Methods: Immune responses were assessed in patients (n = 26) with advanced MCC receiving pembrolizumab. Peripheral blood mononuclear cells (PBMC) were collected at baseline and throughout treatment. MCPyV-oncoprotein antibodies were quantified and T cells were assessed for MCPyV-specificity via tetramer staining and/or cytokine secretion. Pre-treatment tumor biopsies were analyzed for T cell receptor clonality.
Results: MCPyV oncoprotein antibodies were detectable in 15 of 17 (88%) of virus-positive MCC (VP-MCC) patients. Antibodies decreased in 10 of 11 (91%) patients with responding tumors. Virus-specific T cells decreased over time in patients who had a complete response, and increased in patients who had persistent disease. Tumors that were MCPyV(+) had a strikingly more clonal (less diverse) intratumoral TCR repertoire than virus-negative tumors (p = 0.0001).

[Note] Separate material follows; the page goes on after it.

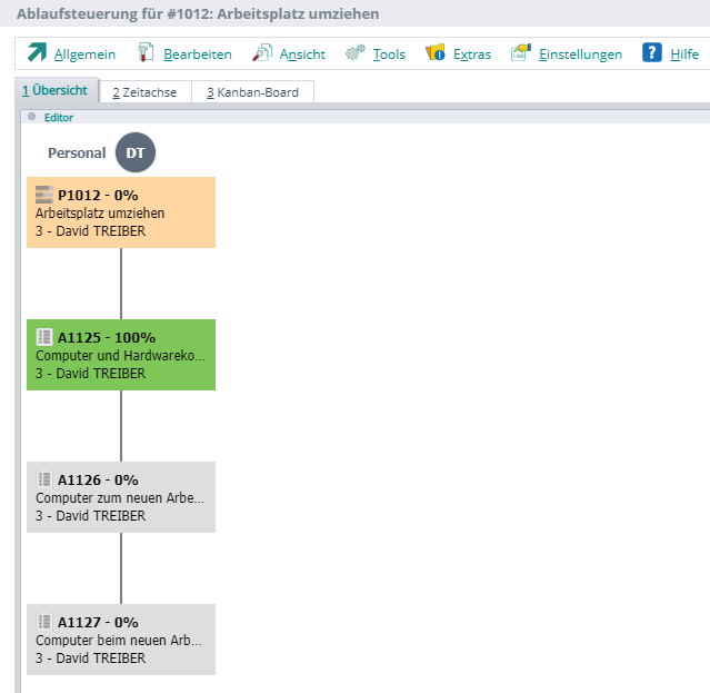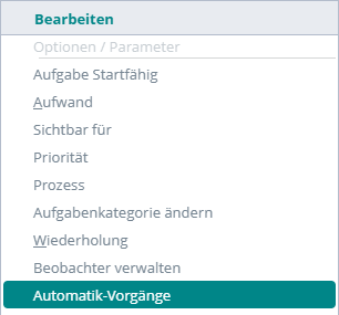 Über den Menüeintrag „Bearbeiten > Automatik-Vorgänge“ können Sie alle Ereignisse sehen, die bei dieser Aufgabe stattfinden.

Conclusions: Cancer-specific T and B cell responses generally track with disease burden during PD-1 blockade, in proportion to presence of antigen. Intratumoral TCR clonality was significantly greater in VP-MCC than VN-MCC tumors, suggesting expansion of a limited number of dominant clones in response to fewer immunogenic MCPyV antigens. In contrast, VN-MCC tumors had lower clonality, suggesting a diverse T cell response to numerous neoantigens. These findings reveal differences in tumor-specific immunity for VP-MCC and VN-MCC, both of which often respond to anti-PD-1 therapy.
Keywords: Anti-PD-1; Immunotherapy; Merkel cell carcinoma; Merkel cell polyomavirus; Pembrolizumab; T cell; Viral cancer antigen.
Conflict of interest statement
Ethics approval and consent to participate
The protocol was approved by the institutional review board at each participating center, and the study was conducted in accordance with the Declaration of Helsinki and the International Conference on Harmonisation Good Clinical Practice guidelines. All the patients provided written informed consent before study entry.
Consent for publication
Patients provided informed consent for publication of de-identified data. The consent is held by the Cancer Immunotherapy Trials Network and is available for review.
Competing interests
PN serves as a paid consultant for EMD Serono. Bristol Myers Squibb has provided research support to PN’s institution. SLT has research grants from Bristol-Myers Squibb, and receives consulting fees and stock from Five Prime Therapeutics; her spouse receives consulting fees from Amgen, Compugen, MedImmune, Merck, Pfizer, and Potenza Therapeutics, and receives stock options from Compugen, Jounce Therapeutics, and Potenza.
Publisher’s Note
Springer Nature remains neutral with regard to jurisdictional claims in published maps and institutional affiliations.